Tesla Cybertruck Electric Ute is set to break fast-charging performance records, says Elon Musk

Tesla Cybertruck Electric Ute is set to break fast-charging performance records, says Elon Musk

Tesla is preparing to set new benchmarks for electric car charging performance, with claims of one megawatt for the new Cybertruck pickup and semi big rig – three times more than any electric car in Australia and twice the record overseas .

In the coming years Tesla Cybertruck Ute may be able to charge at higher power outputs than any other electric vehicle that can be driven with a standard car license, according to the company’s CEO, Elon Musk.

The announcement came today at an event in the US marking the first deliveries of Tesla’s new semi big rig prime mover, as Elon Musk revealed that the Cybertruck pickup truck will give the semi the ability to charge up to 1 battery fast Megawatt (1 MW) would correspond to ).

This peak charging power is three times higher than the 350 kW claimed by every other electric vehicle currently sold in Australia – at least those that can be driven with a car license – and double the 480 kW claimed by the latest electric cars from the Chinese Startups XPeng are claimed.

Tesla hasn’t confirmed how long the Cybertruck will take to charge — or disclosed the capacity of its battery pack.

Estimates are that some Cybertruck variants could come with battery packs in the 200kWh range – which, despite being twice the size of most of the commercially available 350kW-capable EVs, could allow it to go faster than charge other vehicles in its class.

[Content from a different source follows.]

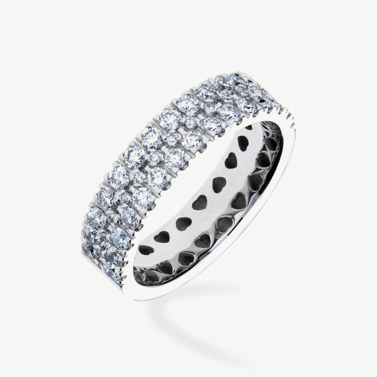 Raffinato ed elegante, questo anello pavé in oro bianco 18 kt è impreziosito da tre file di diamanti naturali taglio brillante, per un totale di 1,05 carati. La montatura a pavé valorizza ogni pietra, creando un effetto di luce continuo e scintillante che cattura lo sguardo da ogni angolazione.
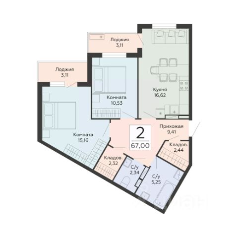 Продаётся 2-комнатная квартира в строящемся доме (1 этап), срок сдачи: IV-кв. 2029, общей площадью 67 кв.м., на 9 этаже. Новый жилой комплекс от группы компаний "Развитие" расположен по адресу: г. Воронеж, по ул. Туполева.

An independent test by the respected US magazine car and driver On a GMC Hummer EV Ute — which has a 213 kWh battery pack and can take 350 kW — it could charge from 10 to 90 percent in an hour and 49 minutes, with up to 287 kW (or an average of 98 kW).

If the Tesla is able to sustain a high average charge rate – close to its 1MW maximum – it has the potential to significantly reduce that charge time.

The power systems in Tesla’s new semi-truck run at 1,000 volts — compared to 800 volts for the most advanced electric cars and SUVs in today’s showrooms — and its electric motors come from the Tesla Model S Plaid supersedan.

Dan Priestley, Tesla Semi’s chief engineering officer, told attendees and online viewers at the Semi’s delivery event “there’ll be a few more vehicles coming” with the 1000-volt system — but he didn’t specifically name the Cybertruck.

The record-breaking charging power is made possible by new “Mega Charger” stations – dubbed V4, compared to Tesla’s current “V3” supercharger stations that can deliver up to 250 kW.

Graphs shown at the semi-delivery event today show the cables use a new “immersion cooling technology” that is said to keep the cable’s thickness similar to Tesla’s current Superchargers, but pass far more power through them.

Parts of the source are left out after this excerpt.